By the end of 2021, corporations with five or more directors must include at least two female board members and corporations with six or more directors must include at least three female board members.
A.B. 979 focuses on racial and ethnic diversity. It requires any publicly held corporation with its principal office located in California to include a minimum of one director from an underrepresented community by the end of 2021.
Further, by the close of 2022, corporations with more than four directors, but fewer than nine, must have a minimum of two directors from underrepresented communities, and a corporation with nine or more directors shall have a minimum of three directors from underrepresented communities.
A director from an underrepresented community is defined as an individual who self identifies as Black, African American, Hispanic, Latino, Asian, Pacific Islander, Native American, Native Hawaiian or an Alaskan native as well as one who self identifies as gay, lesbian, bisexual or transgender. A racially diverse female would qualify for both categories.
With so many corporations in need of compliance with this law, these corporations need to plan for these changes sooner rather than later. Policies need to be updated and applicable corporations need to determine what changes, if any, they need to make.
It may include decreasing or increasing the number of directors. It may include adding or deleting policies.
Do they have term limits? Do they need term limits? How will they locate the talent needed in order to be in compliance prior to the deadline?
An individual or individuals should be tapped with analyzing where a corporation currently stands and what is needed prior to the deadline so they can assemble tasks needed to be completed with deadlines to ensure they meet the deadline.
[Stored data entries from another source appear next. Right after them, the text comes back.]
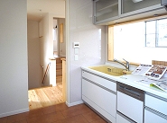 NEW 吊戸を付けない見晴らしの良いキッチンタイプです。納戸・洗面・風呂の水廻りが一直線で使いやすい動線です。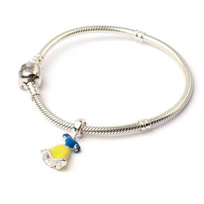Ela é doce e encantadora. Berloque estilo pendente no formato do vestido da Branca de Neve, fabricado em Prata 925 com acabamento esmaltado. Não se engane com materiais folheados e banhados. Acabamento e polimento manuais. Material: Prata 925 e esmalte. Cor: Prata, azul, vermelho e amarelo. Medidas aproximadas: 21mm de altura x 8mm de largura. Compatível com todas as pulseiras. Marca: Mundo Briller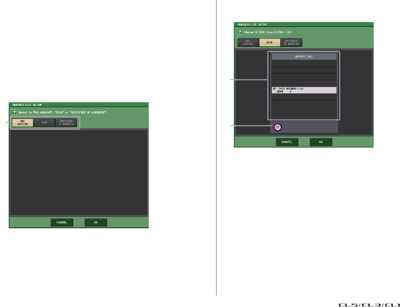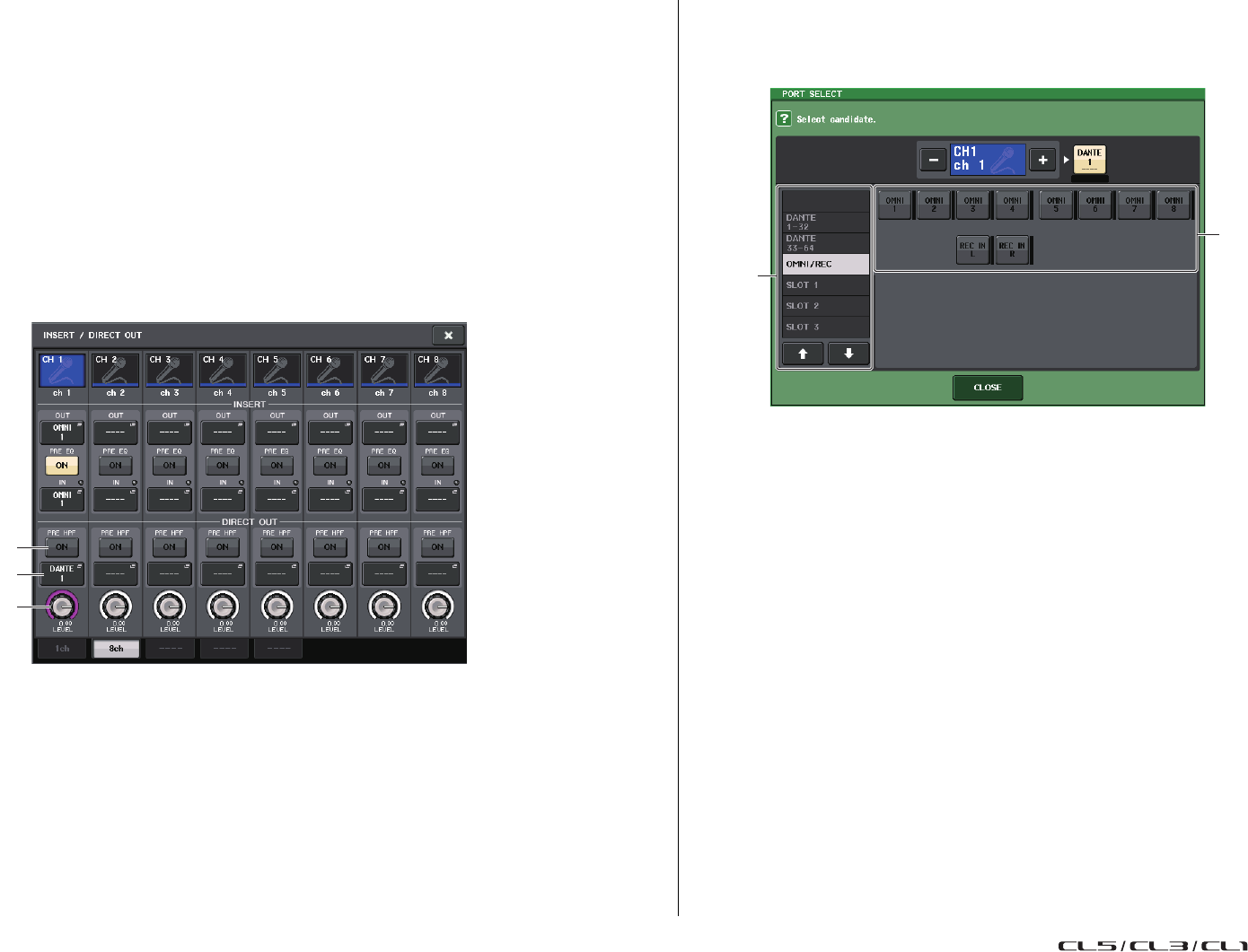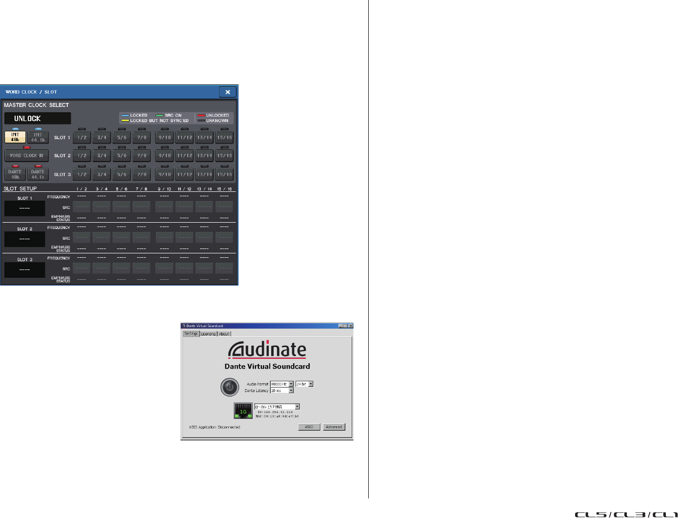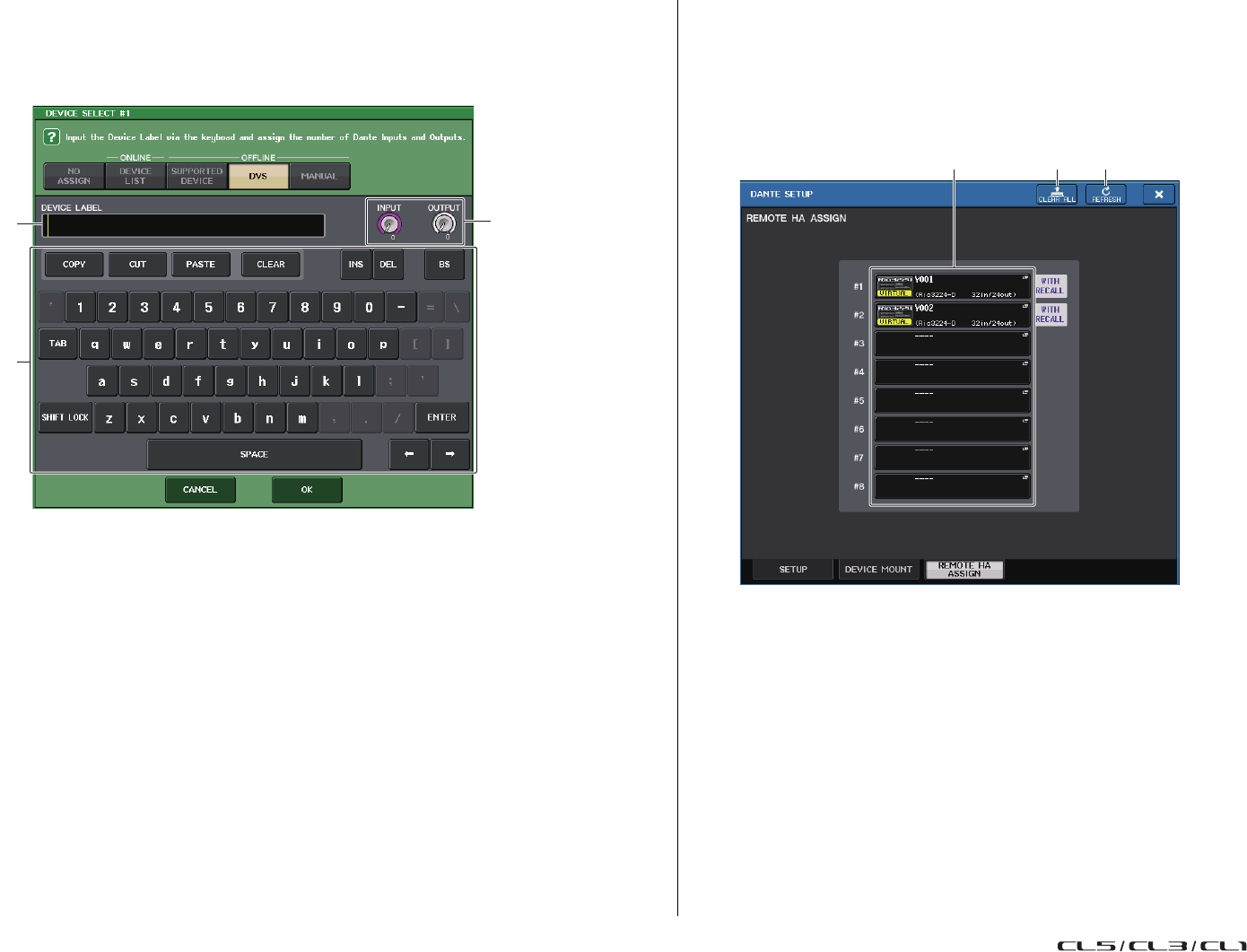 - Assignation interne de la console CL et assignation du réseau audio Dante
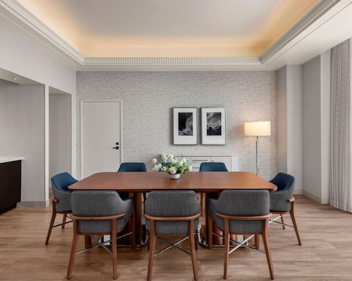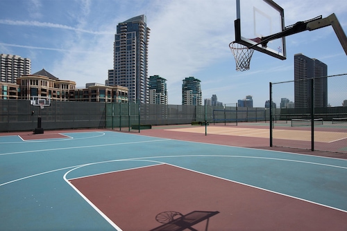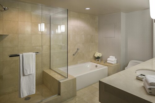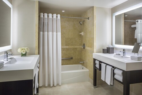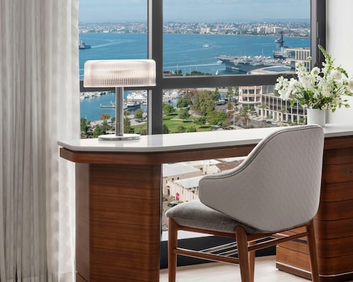 シーポートビレッジまで徒歩3秒という好立地!コンベンションセンターまでも徒歩5分で道路の向かい側(Harbor Drive)を約15分歩けばガスランプクウォーター!ダウンタウンのどこにいても高層ホテルでツインタワーなので一際目立つホテル。ロビーは大理石の床で壁には大きな絵画が飾ってあり、天井が高くゴージャスな作りです。照明の色はオレンジでホテル全体の雰囲気は落ち着いています。フロント係りも丁寧に分かりやすく施設の説明をしてくれます。プールはもちろんバスケットコート、テニスコート、ビリヤード台、サウナ、スパとレクリエーションも充実!客室はロビーとは違った雰囲気で、黒と白を基調とし、スッキリしています。お部屋には大きな窓があり、サンディエゴベイやダウンタウンの景色が一望できます。バスルームには照明つきドレッサーもついており、女性はとってもお化粧しやすいです!また、バスタブがついているのも嬉しいですね。バスルームアメニティーはグランドハイアットではお馴染み、世界の高級スパブランド“ジューン・ジェイコブス”。リラックスできること間違いなしです。客室には無料WIFI(アクセスするにはルーム番号と名字が必要)、コーヒ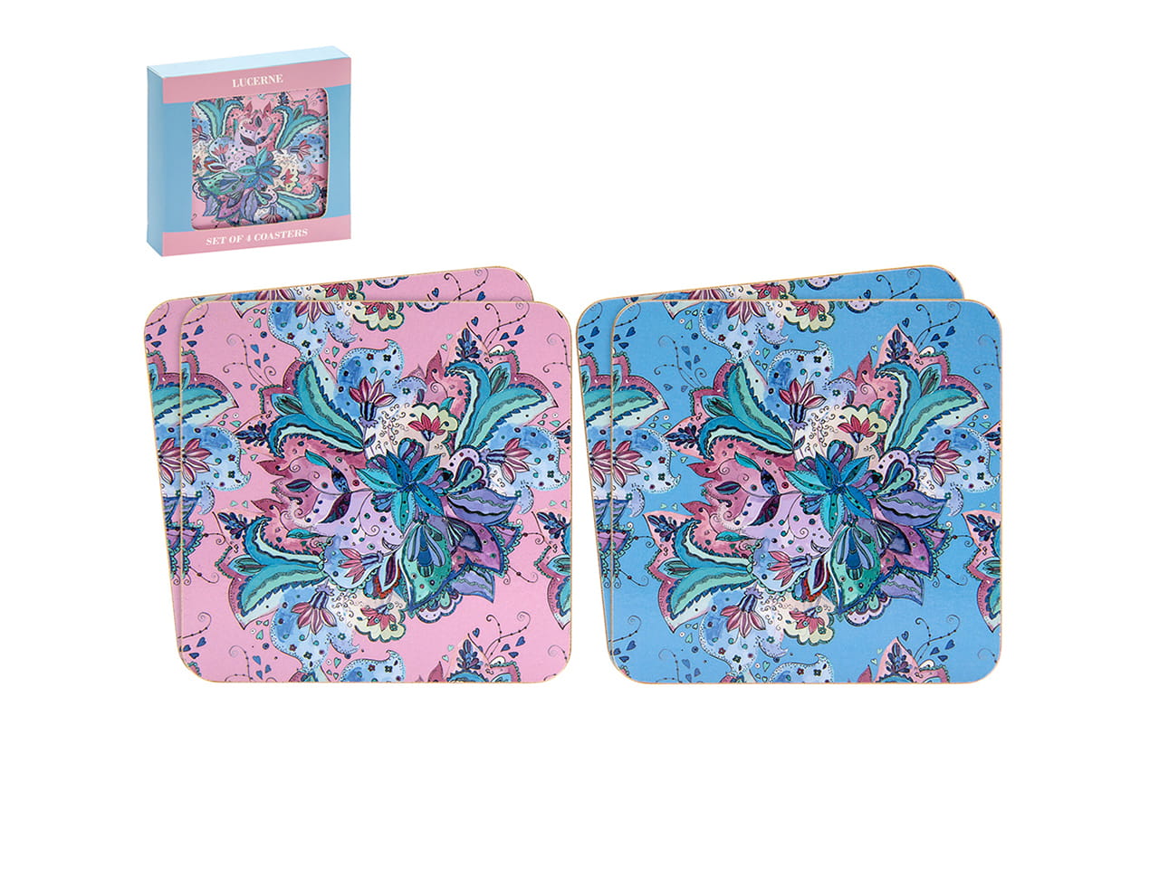 Zestaw 4 podkładek korkowych o wymiarach 11x11cm z motywem Lucerne.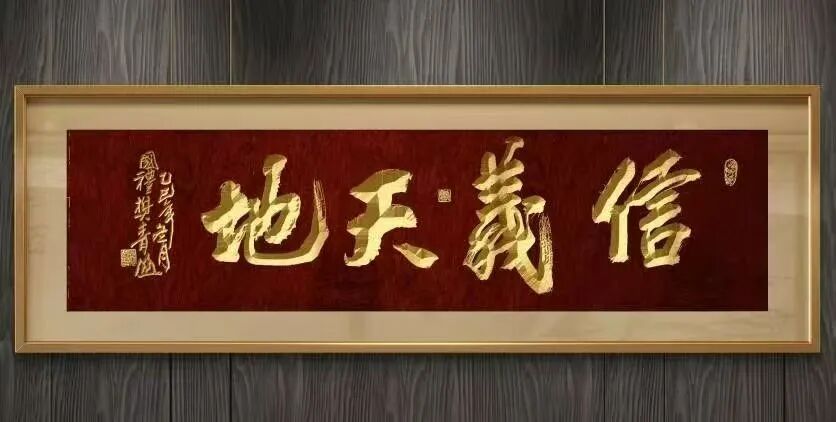 从字形表现来看,樊青山老师的每个字都充满了力量,特别是在“信”和“义”两个字的书写中,笔画刚劲有力,充分表现了信义的坚固与庄严。在“信”字的书写上,笔画的起伏变化极具节奏感,展现出一种内外兼修的气韵,既有强烈的表现力,又不失书法的温润与细腻。特别是“义”字,结构错落有致,笔画之间的搭配自然流畅,突出了义的力量与深远。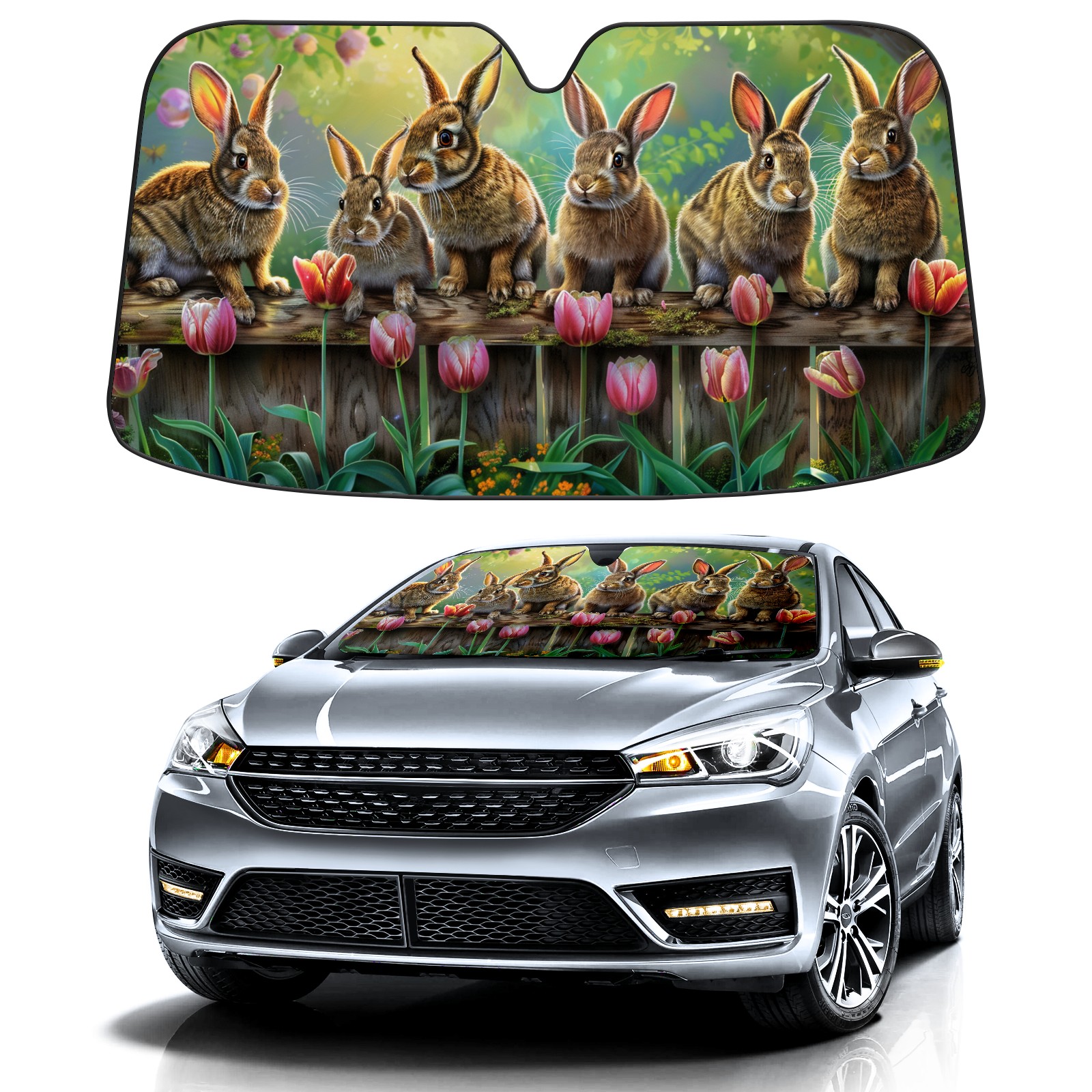 Car Windshield Sun Shade For Front Window Rabbit Flower Foldable Vehicle Windshield Car Sun Visor Covers Automotive Window Protector Car Camping Privacy Sun Blocker
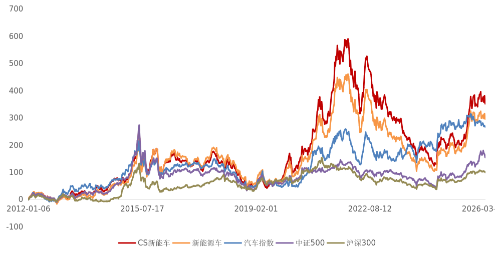 基期以来(2011.12.31-2026.03.23),该指数区间涨跌幅329.98%、区间年化收益率11.14%、年化夏普比率0.50,表现均优于同期国证新能源车指数和中证全指汽车指数。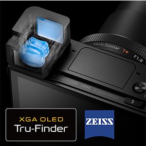 View every scene in rich detail with the bright and retractable XGA OLED Tru-Finer electronic viewfinder (EVF) with high resolution equivalent to approx. 2,359k-dots. The viewfinder faithfully displays what will appear in your recording, including the effects of your camera settings, so you can accurately frame your image, focus and monitor the results. The ZEISS T* coating enhances clarity and reduces flare and reflection in the eyepiece optics.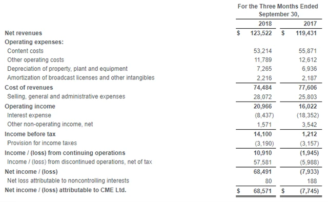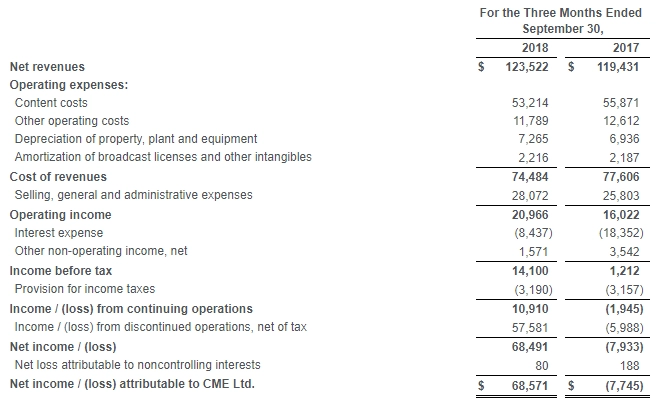 Za prvních devět měsíců roku vykázala společnost tržby 422,26 milionu USD a čistý zisk 101,86 milionu USD. O rok dříve měla ve stejném období tržby 174,21 milionu USD a zisk 9,13 milionu USD. Příjmy z televizní reklamy v prvních devíti měsících roku stouply o 12 % (bez vlivu FX o 3 %) a příjmy z předplatného a přenosových poplatků o 12 % (bez vlivu FX o 5 %).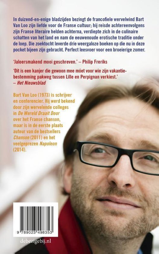 In duizend-en-enige bladzijden bezingt de francofiele wervelwind Bart Van Loo zijn liefde voor de Franse cultuur; hij reisde achtereenvolgens zijn Franse literaire helden achterna, verdiepte zich in de culinaire schatten van het land en nam de eeuwenoude erotische traditie onder de loep. Die zoektocht leverde drie weergaloze boeken op die in deze pocket bijeen zijn gebracht. Perfect leesvoer voor een broeierige zomer.

With these new laws, California employers as well as out of state employers with California employees need to update their handbooks — a seemingly annual tradition.
They will also need to provide additional training if needed, adhere to new reporting guidelines and update any necessary procedures.
A simple, unintentional mistake can be costly in California. Here's hoping for an end to the pandemic.
Mellissa Schaferis is a partner at Hinshaw & Culbertson LLP.
The opinions expressed are those of the author(s) and do not necessarily reflect the views of the firm, its clients or Portfolio Media Inc., or any of its or their respective affiliates. This article is for general information purposes and is not intended to be and should not be taken as legal advice.